Como mãe, sempre achei cômodo ter alguma coisa que causasse esse efeito em minha filha, e utilizei desde a primeira semana de Malu. Quando eu digo cômodo, espero não ser julgada como uma mãe folgada, mas em momentos bem específicos, acho que seu uso vale a pena. Isabela é uma bebê que, mesmo mamando bastante, precisa do peito, dedo ou chupeta para dormir.

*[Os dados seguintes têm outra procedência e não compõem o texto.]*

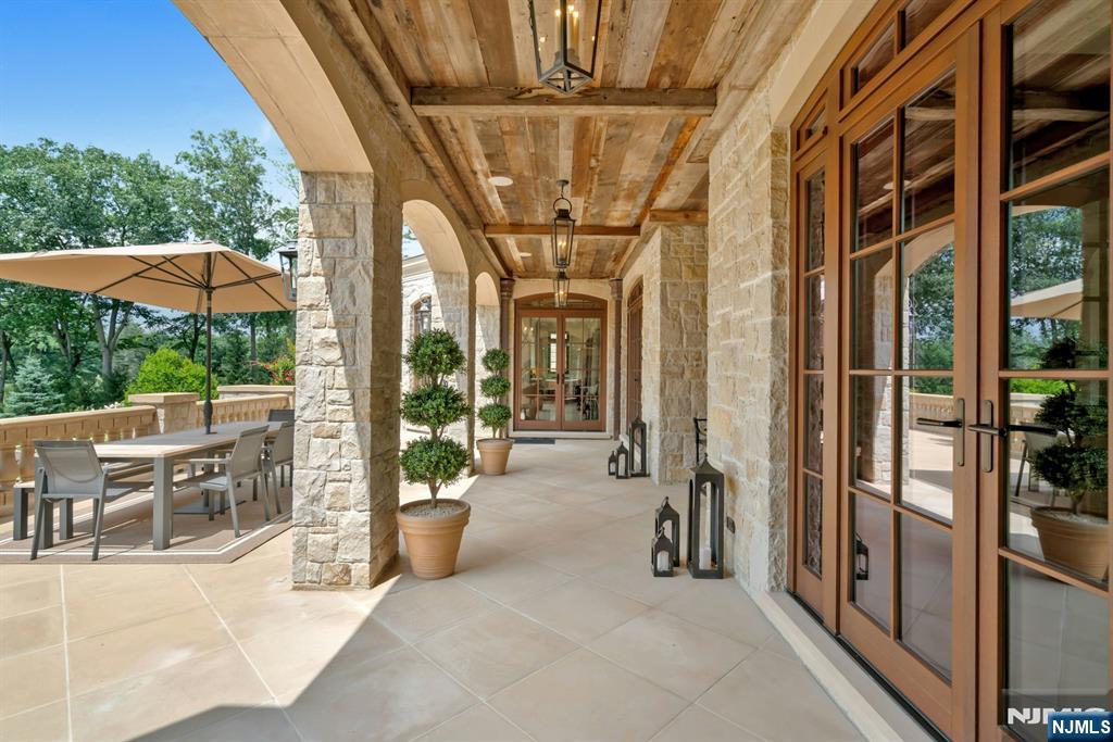 Beyond a gated approach on 4.4 serene acres, this Saddle River estate evokes a timeless French chateau, fusing refined architecture with resort living. The grounds showcase a sun splashed pool terrace with spa, formal gardens, playground, pergola and an expansive great lawn. Terraced open and covered patios span each level for seamless indoor–outdoor flow. A 4 car garage and single vehicle porte cochere complete the elegant arrival. For equestrians, a four stall stable with bonus space and fenced grass pasture/paddock elevate the offering. Inside, an elevator services three meticulously finished levels encompassing 25 rooms, 6 ensuite bedrooms, 7 full baths, and 2 guest baths. A grand foyer with sweeping staircase introduces impeccable craftsmanship and gracious scale. The main level includes formal sitting and dining rooms, a mahogany office/library with fireplace, and a family living area with informal dining and a chef’s kitchen. The private primary suite features a foyer entry, fireplace, dual walk in boutique closets, a spa inspired bath, and a secluded patio; four additional ensuite bedrooms, full laundry, and a bonus room complete this floor. The walkout lower level is designed for wellness and play: a full ensuite bedroom, dual fitness rooms, massage room, sauna, media area, lounge with billiards, and a climate controlled wine cellar with tasting area. A partial kitchen opens to the covered patio and pool terrace, ideal for grand entertaining and everyday luxury.
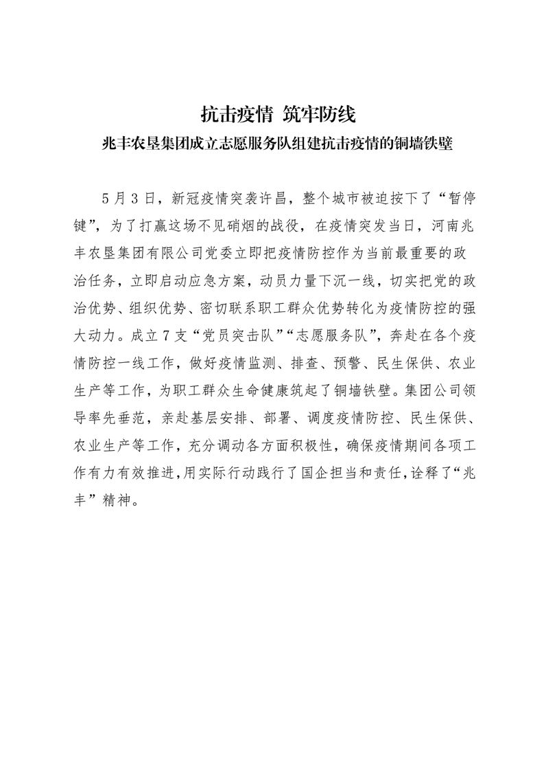· 抗擊疫情 筑牢防線 兆豐農墾集團成立志愿服務隊組建抗擊疫情的銅墻鐵壁
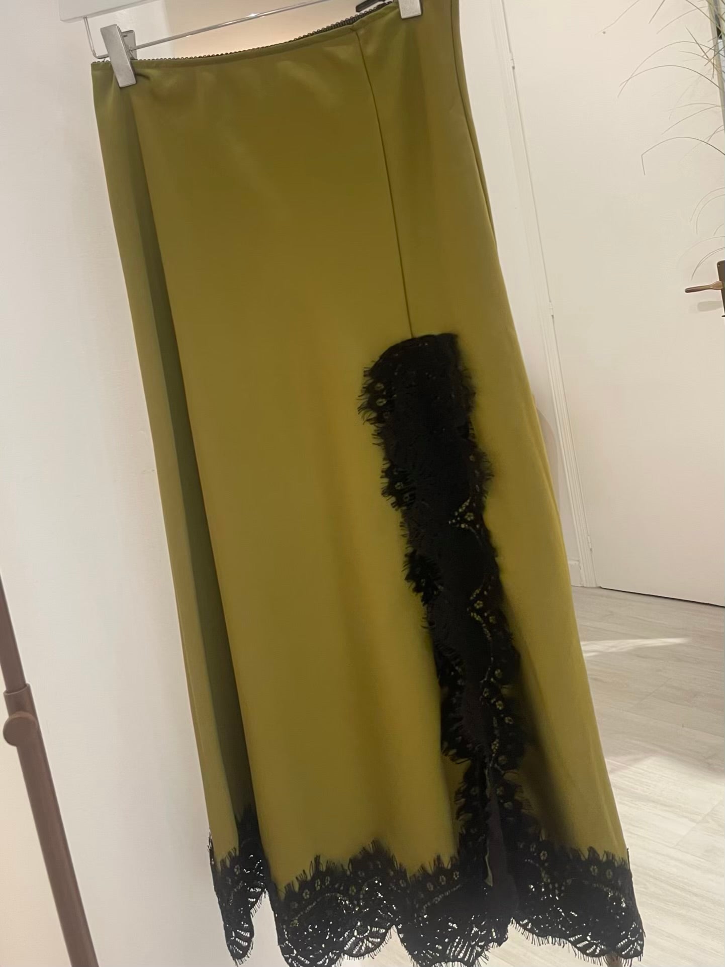 Gonna lingerie. Modello con pizzo sul fondo e sullo spacco laterale. Elastico in vita. Vestibilità regolare.
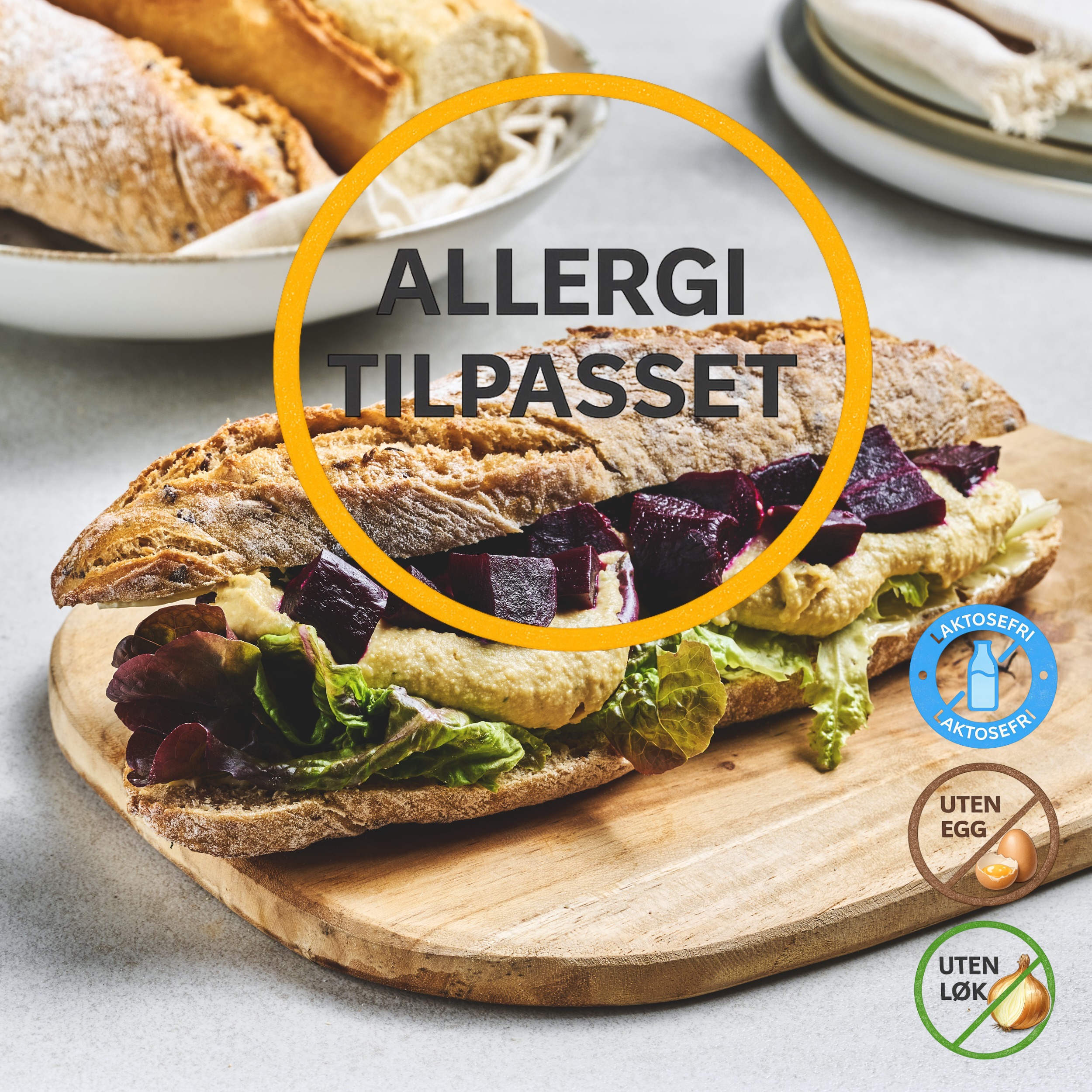 Uten: Løk, melk, egg, soya Fullkornsbaguetten inneholder: Hvete, rug, havre, bygg(gluten), sesam Fyllet inneholder: Hvitløk, sesam, erter, kikerter, koriander, bakte rødbeter, salat og soft flora uten melk og soya

Quando está com sono, coloca logo a mãozinha na boca, o que me preocupou um pouco com relação ao dedo. Mas como cada filho vem de um jeito, se Malu adaptou-se perfeitamente à chupeta (sem largar o peito, pois amamentei exclusivamente até seus 6 meses), Bela não quis acordo. Quando colocava a chupeta na boca ela cuspia, chorava… Ela é uma criança muito apegada ao seio materno. 

 

No primeiro mês tive bastante dificuldade, pois ela queria ficar o dia inteiro no peito, se confortando e ninando nele. Eu tentei muito a chupeta, pois mesmo com todo apego que quero pra ela, é muito cansativo para a mãe ficar com um bebê no colo o dia inteiro. 

Tentei diversos tipos, e a que ela mais se adaptou no inicio foi essa da Avent, que eu colocava com o dedo, e bastava tirar que ela cuspia. 

 

Todas as outras, até os 2 meses, quando eu tentava, ela fazia aquela cara de ânsia de vômito e botava pra fora chorando…   Com o tempo, na hora daquele chorinho de dengo (sabendo que ela estava alimentada e só queria um conforto a mais da sucção), fui tentando, e aos 3 meses ela já está mais conformada com a chupeta. E não vejo perspectiva de que abandone meu peito, por isso, vou me rebelar um pouquinho contra a OMS e dar a chupeta pra a horinha do sono. Ela só usa nessa hora, e logo que dorme, cospe, e não chora a noite pedindo mais. Mas acho que se um bebê prefere a chupeta/mamadeira ao seio, a mãe deve repensar o uso destes. Quanto aos prejuízos aos dentes, se usada com moderação (pra hora de dormir) e até os 3 anos no máximo, os prejuízos, na maioria das situações, são contornados até sem uso do aparelho. Contei aqui como foi que Malu abandonou a chupeta dela pouco antes de completar os 3 aninhos, e posso garantir que não houve traumas.    Dessa forma, posso dizer que, aqui em casa, a chupeta tem sido muito mais amiga do que vilã, portanto, seguiremos com ela por mais uns 2 aninhos na vida de nossa caçulinha.   E vocês, me contem como fazem com a chupeta por aí… Beijocas, Lika.